■ INFORMATION SHOWN:
____

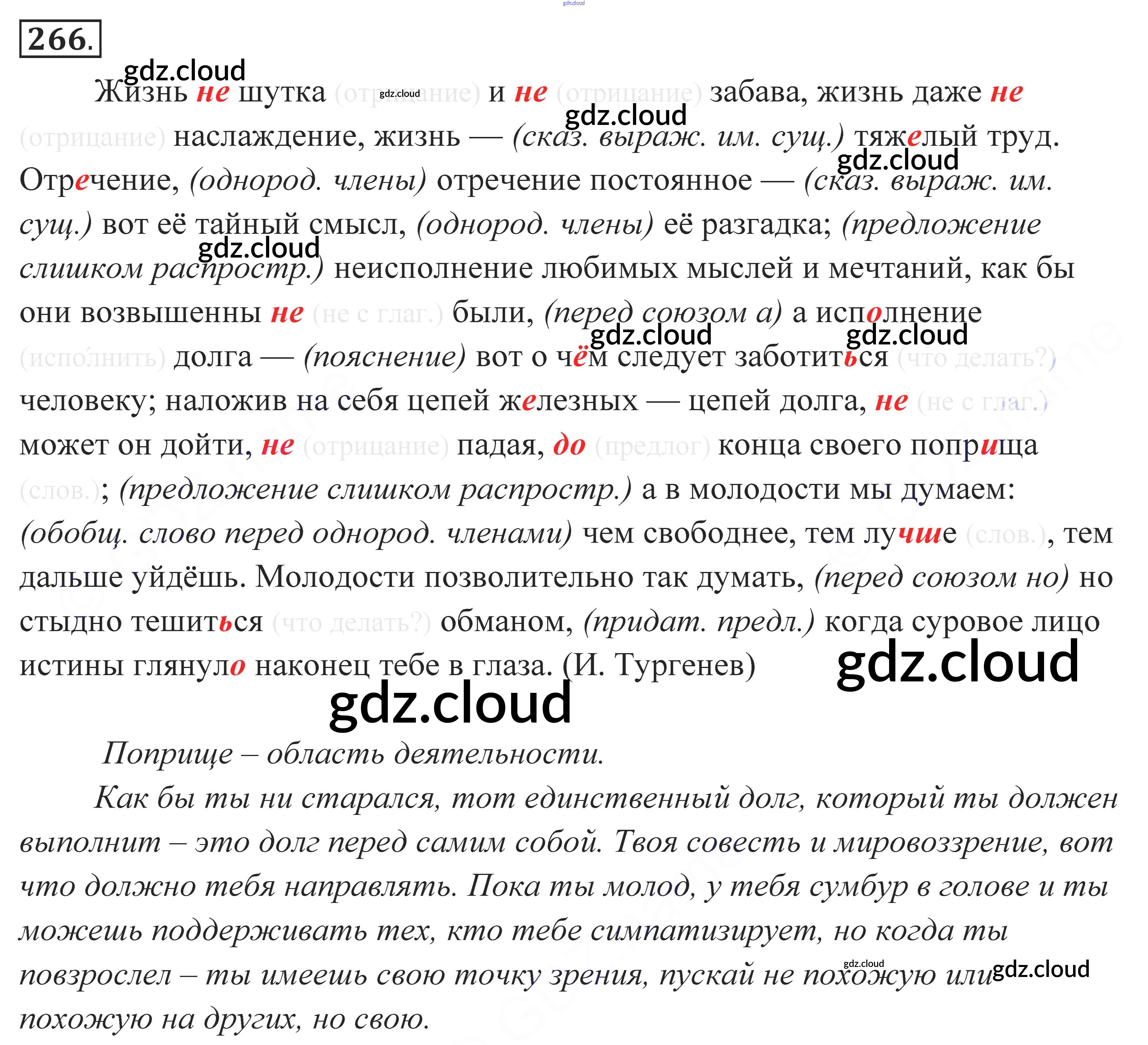 Ответ на задание 266 Учебник Русский язык за 10, 11 (десятый, одиннадцатый) класс Власенков, Рыбченкова Базовый уровень 2014
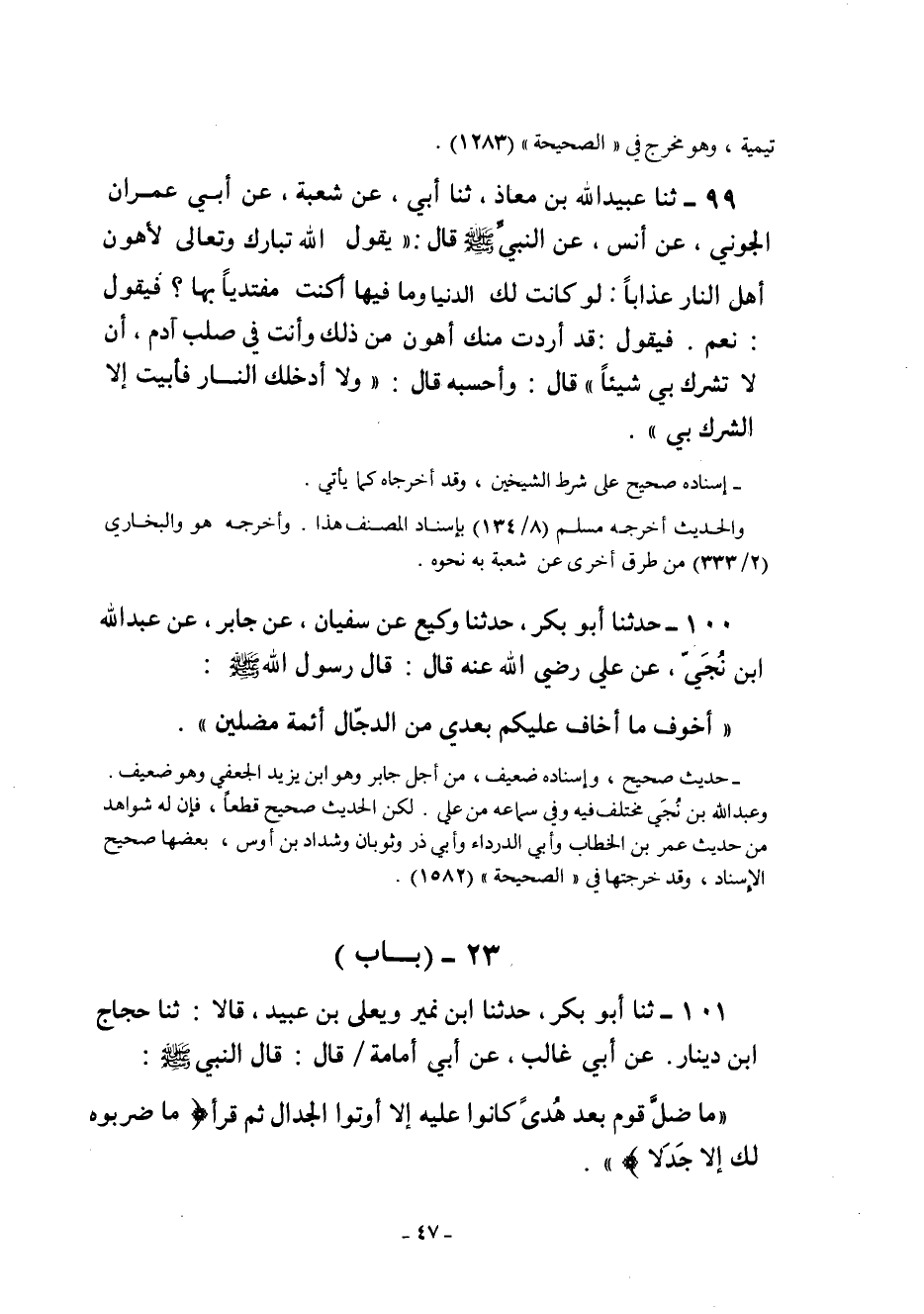 99- ثنا عبيد الله بْنُ مُعَاذٍ ثنا أَبِي عَنْ شُعْبَةَ عَنْ أَبِي عِمْرَانَ الْجَوْنِيِّ عَنْ أَنَسٍ عَنِ النَّبِيِّ صَلَّى اللَّهُ عَلَيْهِ وَسَلَّمَ قَالَ: "يَقُولُ اللَّهُ تَبَارَكَ وَتَعَالَى لأَهْوَنِ أَهْلِ النَّارِ عَذَابًا لَوْ كَانَتْ لَكَ الدُّنْيَا وَمَا فِيهَا أَكُنْتَ مُفْتَدِيًا بِهَا؟ فَيَقُولُ: نَعَمْ. فَيَقُولُ: قَدْ أَرَدْتُ مِنْكَ أَهْوَنَ مِنْ ذَلِكَ وَأَنْتَ فِي صُلْبِ آدَمَ أَنْ لا تُشْرِكَ بِي شَيْئًا" قَالَ: وَأَحْسَبُهُ قَالَ: "وَلا أُدْخِلُكَ النَّارَ فأبيت إلا الشرك بي".
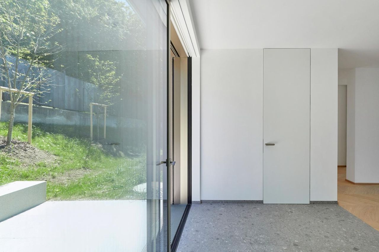 + hochwertige Alu- und Holzelemente für Fenster und Terrasse, teils rahmenlos und sehr schmal
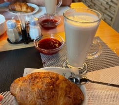 Очень милый отельчик. Есть завтраки, очень вкусная выпечка, можно и пообедать) Кофе, чай....все есть. Номера чистые, уютные. Советую всем!)

____

■ TASK INSTRUCTIONS: Write the material out again exactly. Skip each picture.

■ WRITTEN SOLUTION:
 Ответ на задание 266 Учебник Русский язык за 10, 11 (десятый, одиннадцатый) класс Власенков, Рыбченкова Базовый уровень 2014
 99- ثنا عبيد الله بْنُ مُعَاذٍ ثنا أَبِي عَنْ شُعْبَةَ عَنْ أَبِي عِمْرَانَ الْجَوْنِيِّ عَنْ أَنَسٍ عَنِ النَّبِيِّ صَلَّى اللَّهُ عَلَيْهِ وَسَلَّمَ قَالَ: "يَقُولُ اللَّهُ تَبَارَكَ وَتَعَالَى لأَهْوَنِ أَهْلِ النَّارِ عَذَابًا لَوْ كَانَتْ لَكَ الدُّنْيَا وَمَا فِيهَا أَكُنْتَ مُفْتَدِيًا بِهَا؟ فَيَقُولُ: نَعَمْ. فَيَقُولُ: قَدْ أَرَدْتُ مِنْكَ أَهْوَنَ مِنْ ذَلِكَ وَأَنْتَ فِي صُلْبِ آدَمَ أَنْ لا تُشْرِكَ بِي شَيْئًا" قَالَ: وَأَحْسَبُهُ قَالَ: "وَلا أُدْخِلُكَ النَّارَ فأبيت إلا الشرك بي".
 + hochwertige Alu- und Holzelemente für Fenster und Terrasse, teils rahmenlos und sehr schmal
 Очень милый отельчик. Есть завтраки, очень вкусная выпечка, можно и пообедать) Кофе, чай....все есть. Номера чистые, уютные. Советую всем!)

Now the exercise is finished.